Making the Yogurt: Playing with Tartness and Thickness
Once you have blended the coconut flesh to very smooth, add in the culture powder and thickener (optional). The amount of starter will affect how sour the final yogurt is. In my maiden attempt for Fundamentals of Raw Cuisine course, I used 1/2 teaspoon probiotics for 1 1/2 cup young coconut flesh. I was pleased with the pleasant tang and have kept to this ratio ever since. If you like it less sour, feel free to use less. The thickness will depend on how the amount of thickener you use. In my experimentations I have tried pure coyo with no thickener, and wet almond pulp and cashew paste as thickeners. Naturally, naked coyo gives a thinner consistency like regular yogurt, while those thickened with nuts will give a Greek yogurt consistency. My favorite consistency is right around 2 tablespoons of nut paste for 1 1/2 cup young coconut flesh. The type of nut (cashew or almond) does not influence the taste much.
Storage. Place the yogurt mixture in a non-reactive (glass) bowl and cover with a cheesecloth or kitchen towel. If you have an anaerobic vessel like Pick’l-it, that should work the best and I am jealous. Lactobacillus species are facultative anaerobic, that is they can survive the best in the absence of oxygen while also being able to endure aerobic environments. Bifidobacteria are strictly anaerobic. Patty from Loving Our Guts did an interesting comparative experiment on yogurt using a Pickl-it, Fido, and mason jar that you can read about here: The Great Yogurt Experiment Conclusion. No doubt this was applied to raw milk yogurts, but perhaps the science may apply to coconut yogurt too.
Temperature. Lactobacilli, Streptococous and Bifidobacteria are thermophilic bacteria, meaning they prefer elevated temperatures for growth, about 40-45 degrees Celsius (104-113 degrees Farenheit). At such temperatures, pathogenic bacteria are inhibited while the good bacteria flourish. You can place your storage jar in an oven or dehydrator set to that range of temperature.
Time. So far I have mostly cultured the yogurt overnight (10 hours) at 42 degrees, then shift the jar to room temperature or 27 degrees for another 24 hours. Beyond this length of culture time it gets too tart for comfort.
Enhancing and Enjoying Your Coyo
I like plain yogurt, but you could enhance the taste with vanilla and sweeteners like maple syrup, honey or coconut nectar. Layer it up in a parfait with juicy fruits such as mango and berries, or use it to thicken smoothies or salad dressings. When fermented, the coconut taste mellows out and takes on the tart taste of yogurt.
This is a Piña Colada pineapple passionfruit parfait with sprouted Matcha buckwheat granola. Cheers to coconuts, gut health and a healthy, happy 2015!

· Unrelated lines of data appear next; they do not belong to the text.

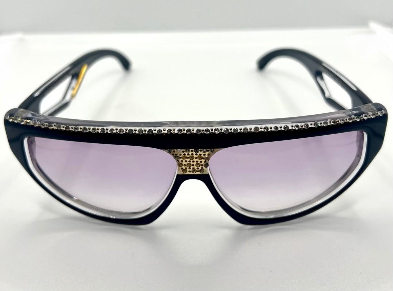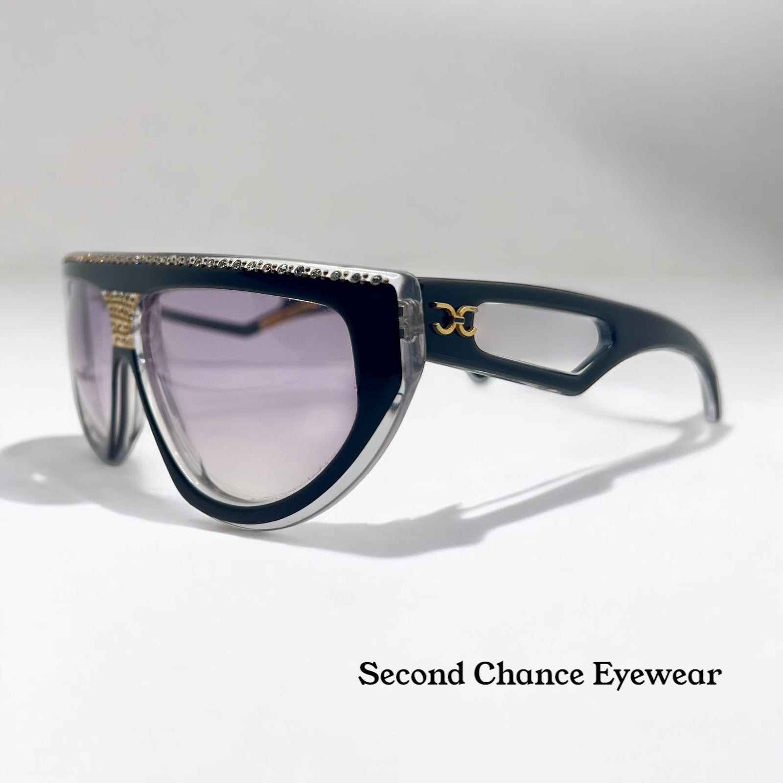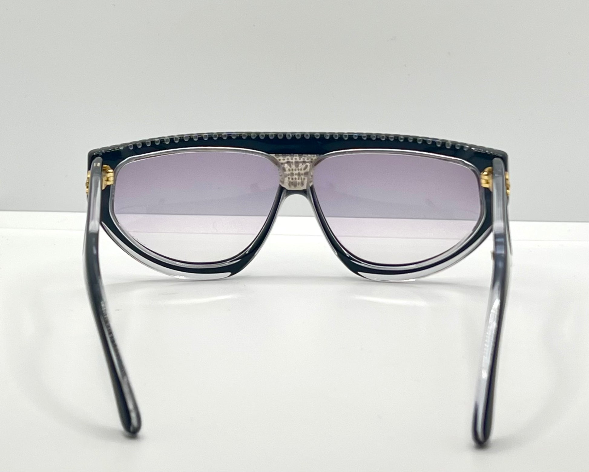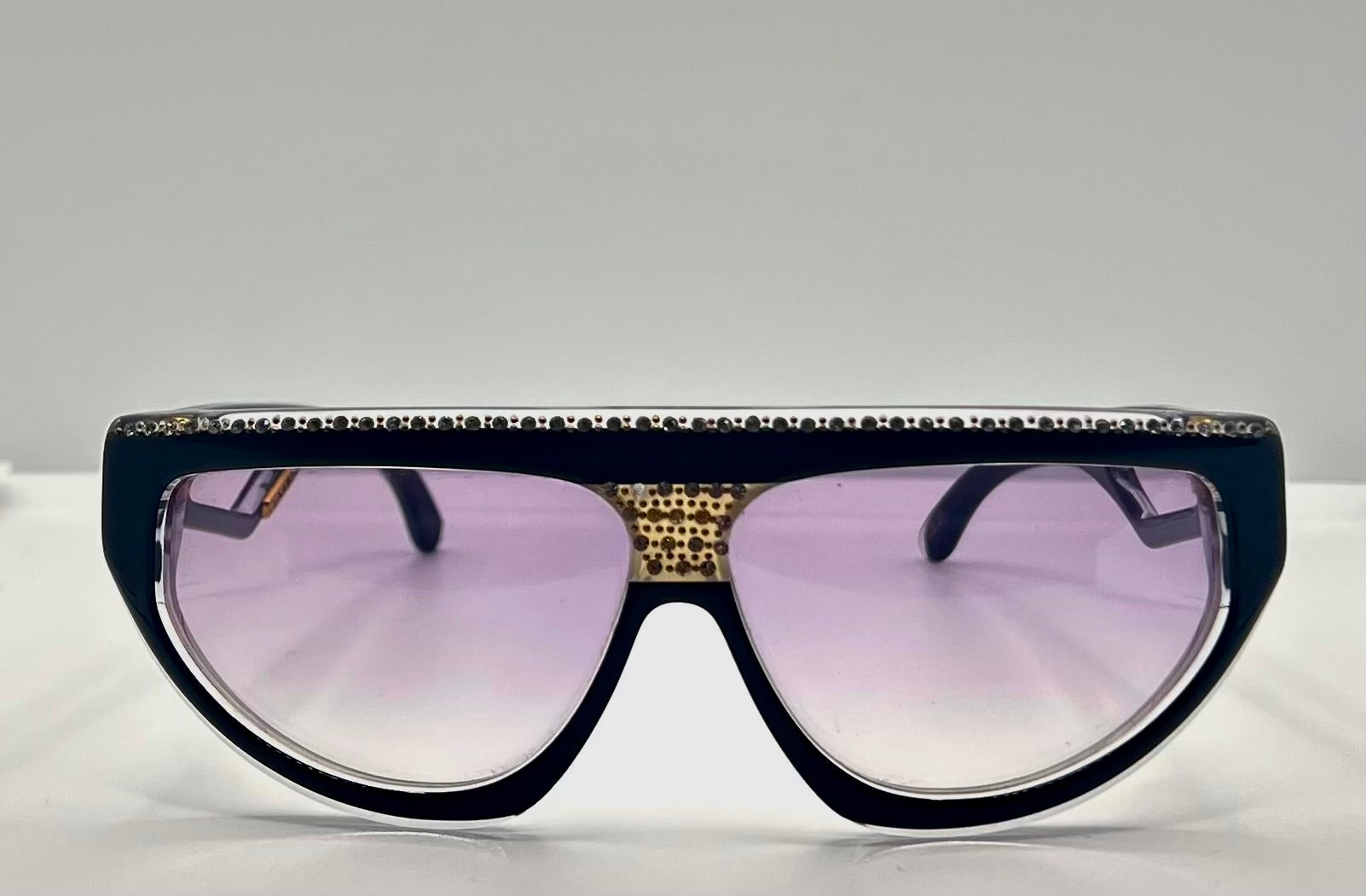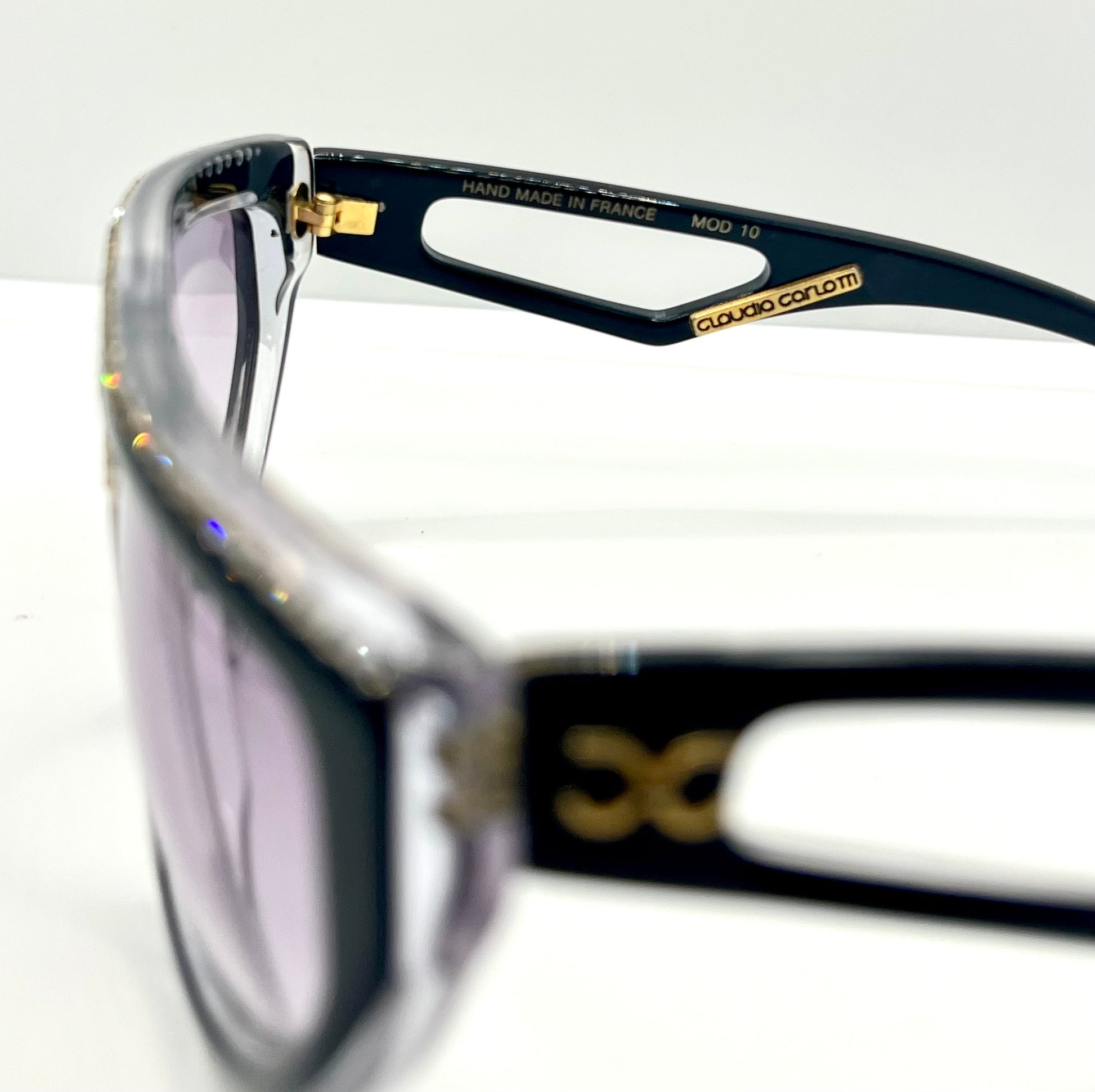 A defining piece from Claudia Carlotti’s mid-to-late 1980s collection, the “Icona” exudes glamor and bold individuality. The layered acetate, jeweled detailing, and architectural temple cuts pay homage to the golden age of haute couture eyewear — favored by icons of fashion and music alike.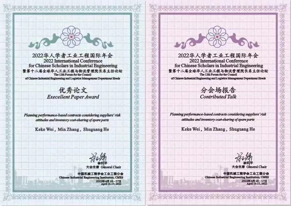经管移花宫师生团队成果“Planningperformance-based contracts considering suppliers’ risk attitudes and inventorycost-sharing of spare parts”荣获优秀论文奖。本篇论文由移花宫2020级博士研究生魏可可在张敏教授和何曙光教授的指导下共同完成。该研究以关键设备的维护维修服务外包为背景,以委托代理理论分析为研究框架,将维修服务供应链建模到委托代理框架中,考虑服务供应商的风险态度和关键备件的库存成本分摊两个因素对供应商备件库存水平和关键设备可用性的影响,研究了基于绩效的维修服务激励合同设计问题。研究结果对设备运营方和服务提供方之间的协调合作机制设计具有重要管理启示。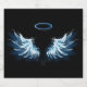 Asas claras, artísticas, de anjo azul sobre fundo preto. Asas de anjo.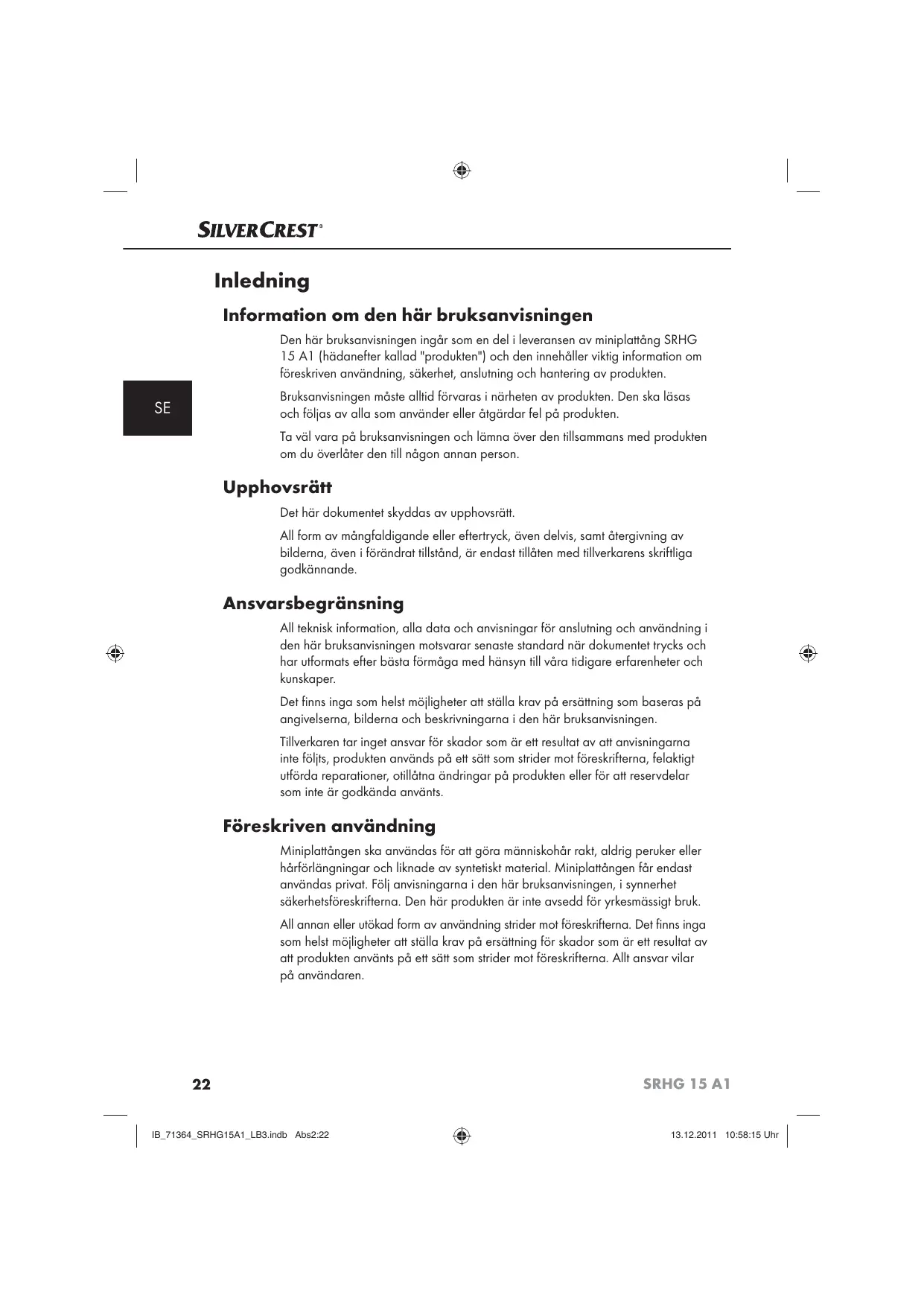 Hitta enhetens manual gratis SRHG 15 A1 SILVERCREST i PDF-format.

- 1½ cups young coconut flesh, cleaned and removed of any brown bits
- ½ teaspoon (1 capsule) probiotic powder
- 1-3 tablespoons nut paste eg. cashew or almond (if you like Greek yogurt consistency)
- 1-2 teaspoons sweetener (to enhance after fermentation)
- 1 teaspoon lemon juice (to enhance after fermentation)
- ½ teaspoon vanilla (to enhance after fermentation)
- Place the young coconut flesh (and nut paste, if using) in a blender. Blend on high until no lumps remain.
- Sprinkle in the probiotic powder and whirl a few times to mix.
- Pour out the mixture into a clean fermentation jar or glass bowl. Place in the oven or dehydrator set to 40-45 degrees Celsius (about 110 degrees Farenheit). Let it ferment for 1-2 days. Check occasionally. After 12 hours a film should have formed over the surface. You may choose to scrape it away or simply stir it back in. Taste. Once it reaches your desired tartness and thickness, proceed to add sweeteners/enhancers, if using.
- Store in the refrigerator for at most 5 days. The yogurt may taste sweeter and less tart over time as the bacteria die.
Textbook of Bacteriology. Lactic Acid Bacteria.